◆ WHAT THIS TASK INVOLVES:
Print, word for word, only the lines from the one with "قرص پوست و مو" down to the last line of the listing below; no pictures.

◆ DATA BLOCK:
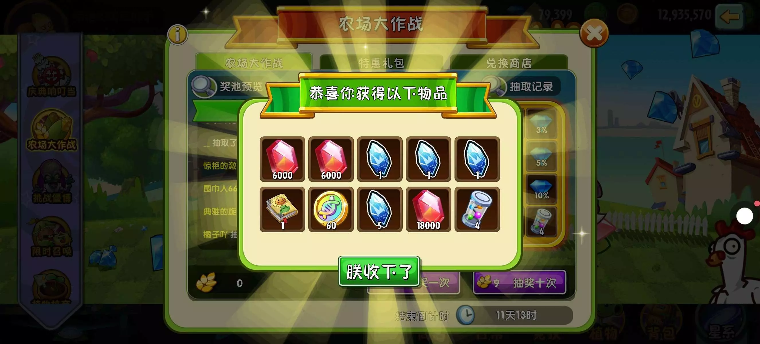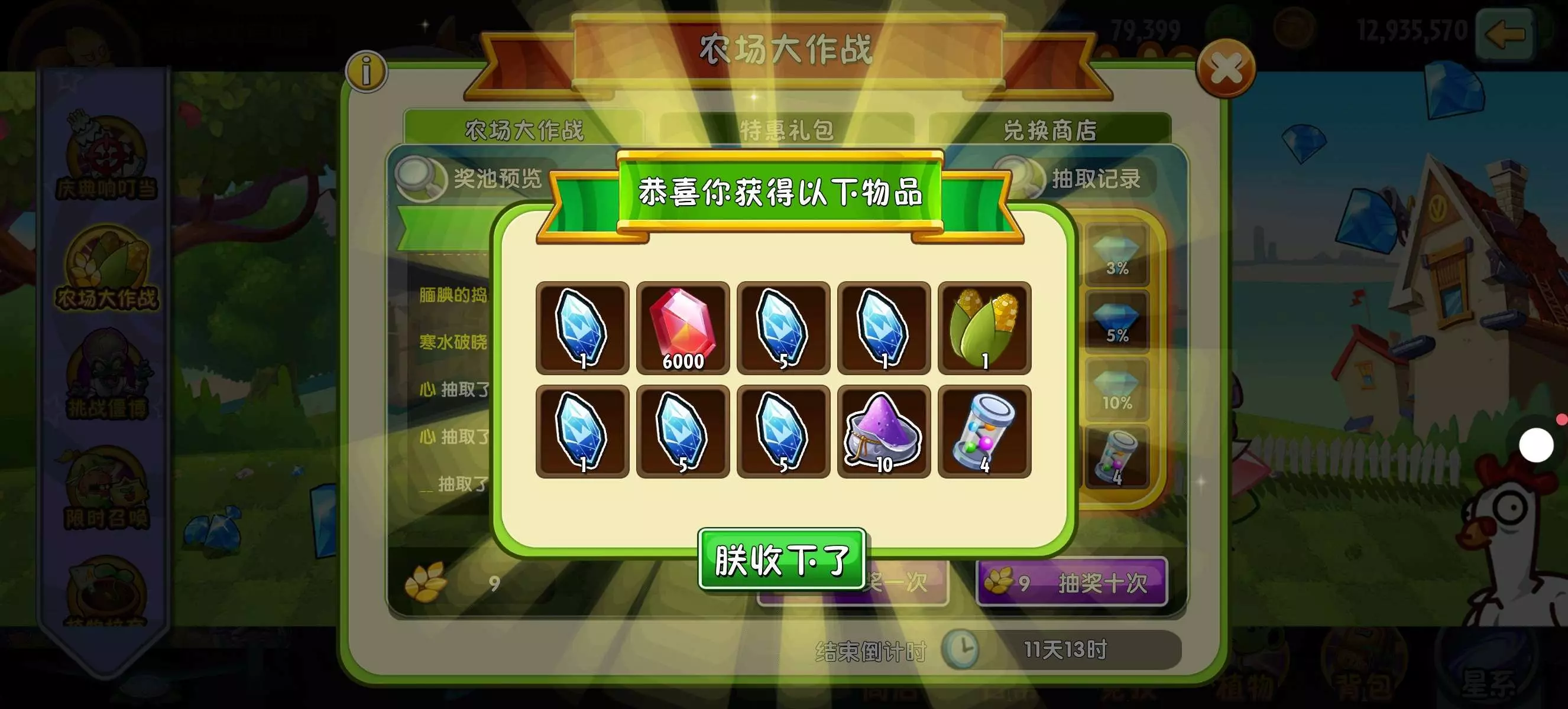 一个45+68,得到一本进阶书,20片万能碎片,6939钻石和一个超级玉米!!!
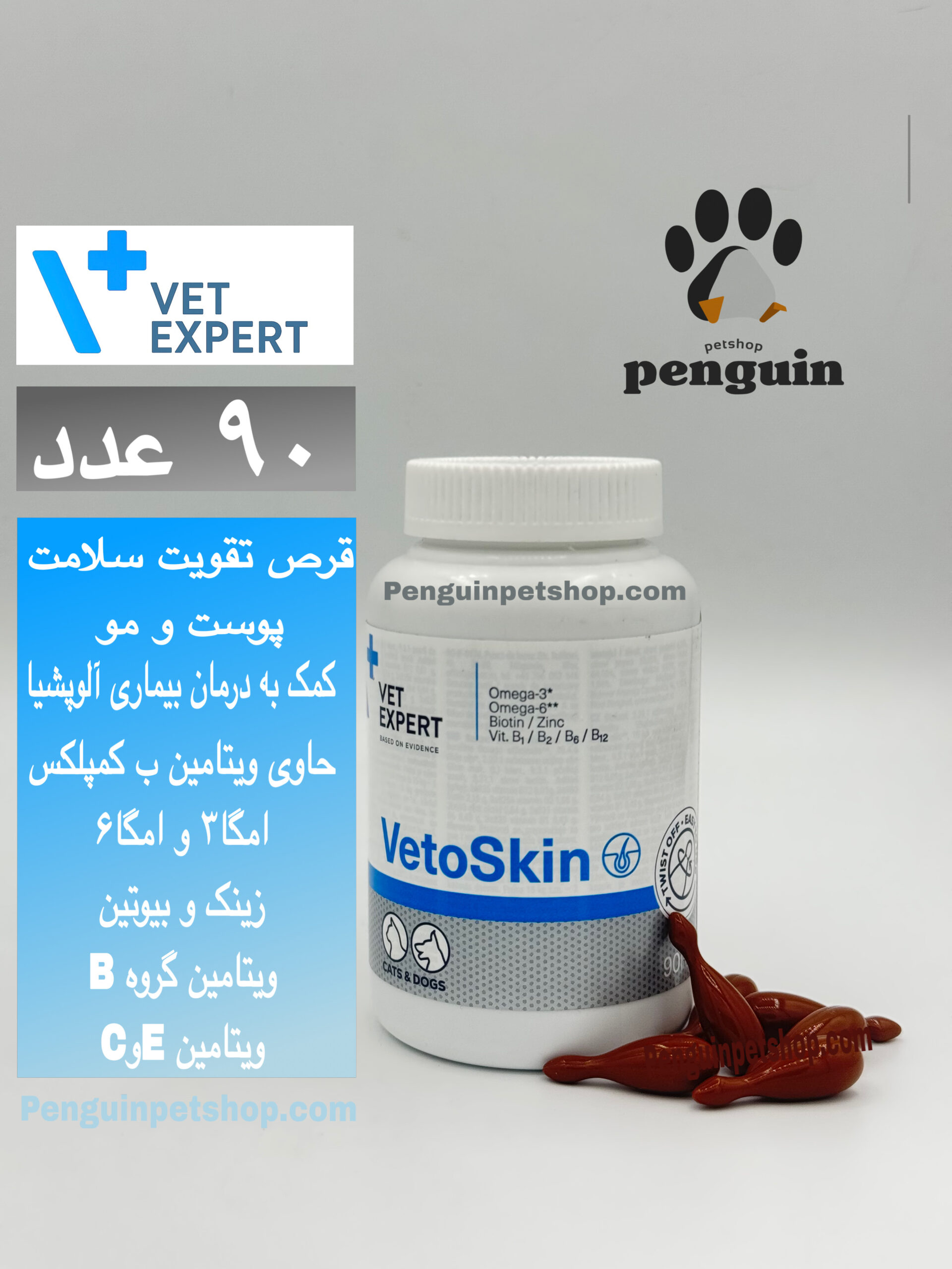 قرص پوست و مو وت اکسپرت سگ و گربه VETOSKIN بسته 90 عددی
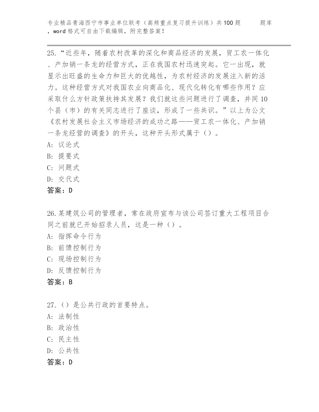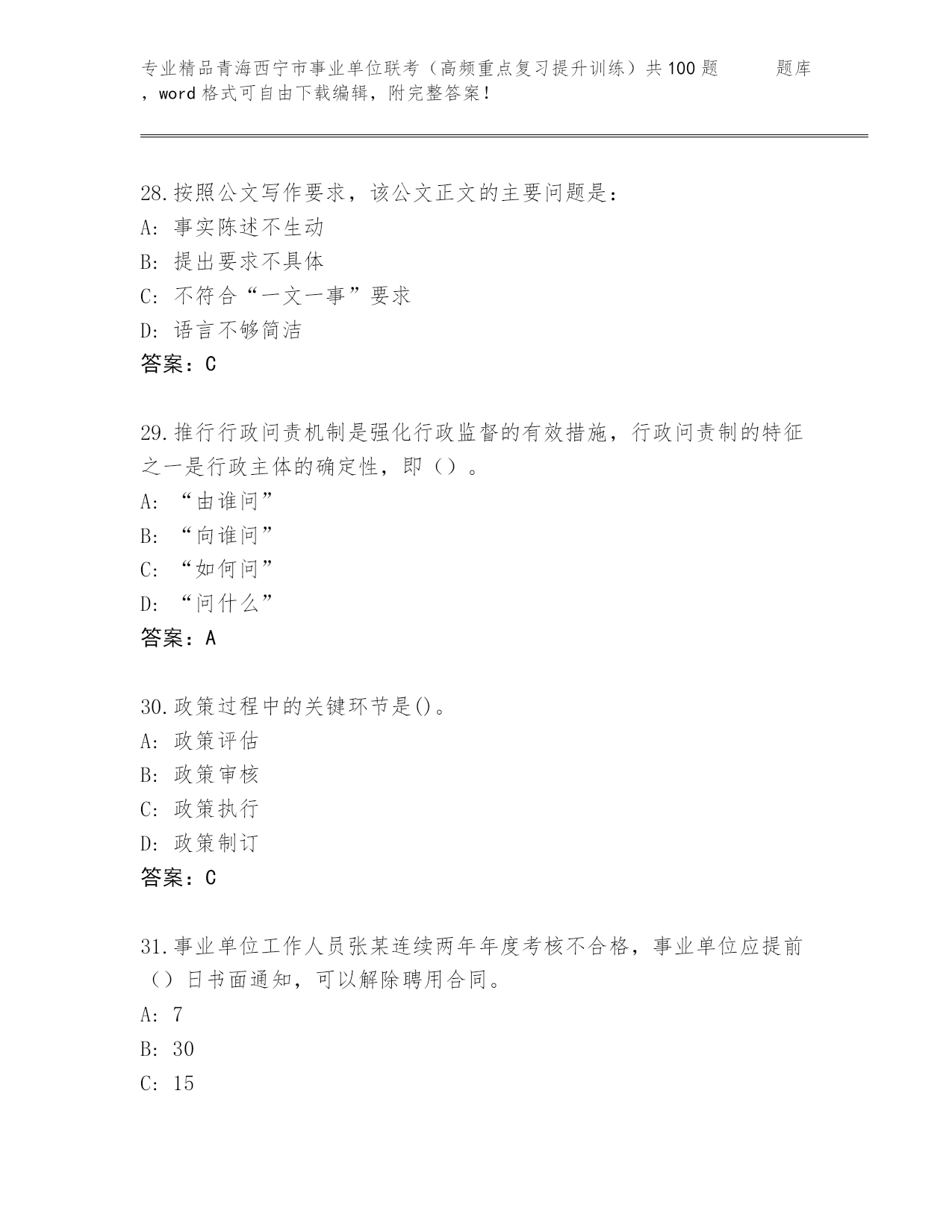 精心整理青海西宁市事业单位联考(高频重点复习提升训练)共100题 题库(综合题)

◆ TASK OUTPUT:
 قرص پوست و مو وت اکسپرت سگ و گربه VETOSKIN بسته 90 عددی
 精心整理青海西宁市事业单位联考(高频重点复习提升训练)共100题 题库(综合题)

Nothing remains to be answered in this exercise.